Iam tertawa dengan lepas.
"Tidak. Tentu saja kau tidak sedang bermimpi. Dan sekalipun ini adalah mimpi. Jika kau terbangun nanti, aku pasti akan tetap mengatakan hal yang sama padamu. Aku mencintaimu, Anna."
Iam tersenyum senang. Begitu pula dengan Anna. Keduanya kemudian saling berpelukan. Entah apa yang bisa melukiskan kebahagiaan mereka. Apapun itu Iam benar-benar mensyukurinya.
"Hah!! Kau seharusnya mengatakan hal ini sejak awal padaku sehingga aku tidak perlu kalut selama ini. Apa kau tahu betapa aku sangat takut dengan perasaanku yang tak berbalas ini?" ujar Iam sambil tetap memeluk Anna dengan erat.
Anna menoleh, "Ini 'kan salahmu!
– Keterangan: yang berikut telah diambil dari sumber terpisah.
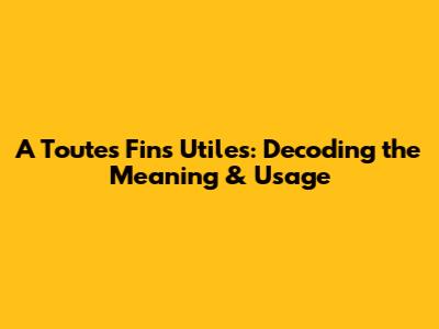 A Toutes Fins Utiles: Meaning & Usage Explained
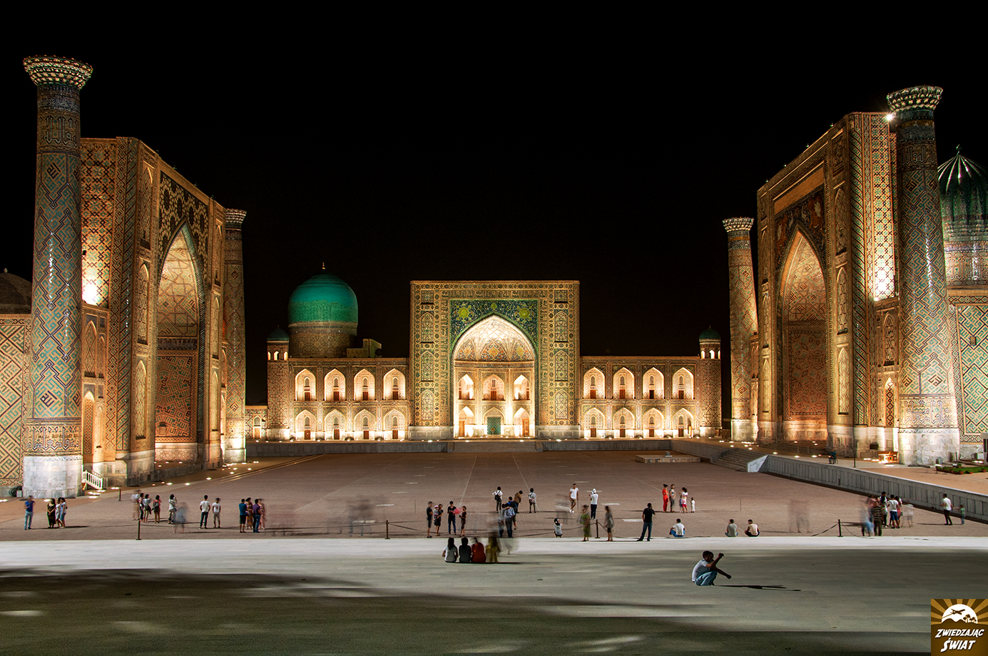 Szybko przekonujemy się, że w Samarkandzie, podobnie jak w Bucharze i inaczej niż w Chiwie, zabytkowe budowle rozrzucone są na dużym obszarze. A jako że Samarkanda to trzecie pod względem wielkości miasto Uzbekistanu, już wiemy, że czeka nas sporo dreptania. Niezrażeni popołudniowym upałem, ruszamy w stronę miejsc, które w Samarkandzie zobaczyć trzeba obowiązkowo. Miejscem takim niewątpliwie jest Registan – plac z trzech stron otoczony majestatycznymi budynkami średniowiecznych medres. Wspaniałe miejsce. Wizytówka miasta.

Bagaimana bisa aku mengatakannya jika aku tahu kau sudah punya pacar?! Apa kau ingin membuat orang-orang semakin berpikiran buruk tentangku?! Lagipula, aku tidak ingin merusak moment kebersamaanku denganmu."
Iam tertawa mendengar penuturan Anna padanya.
"Kita benar-benar seperti dipermainkan," seru Iam kesal tapi juga senang. Lalu mereka pun tertawa bersama.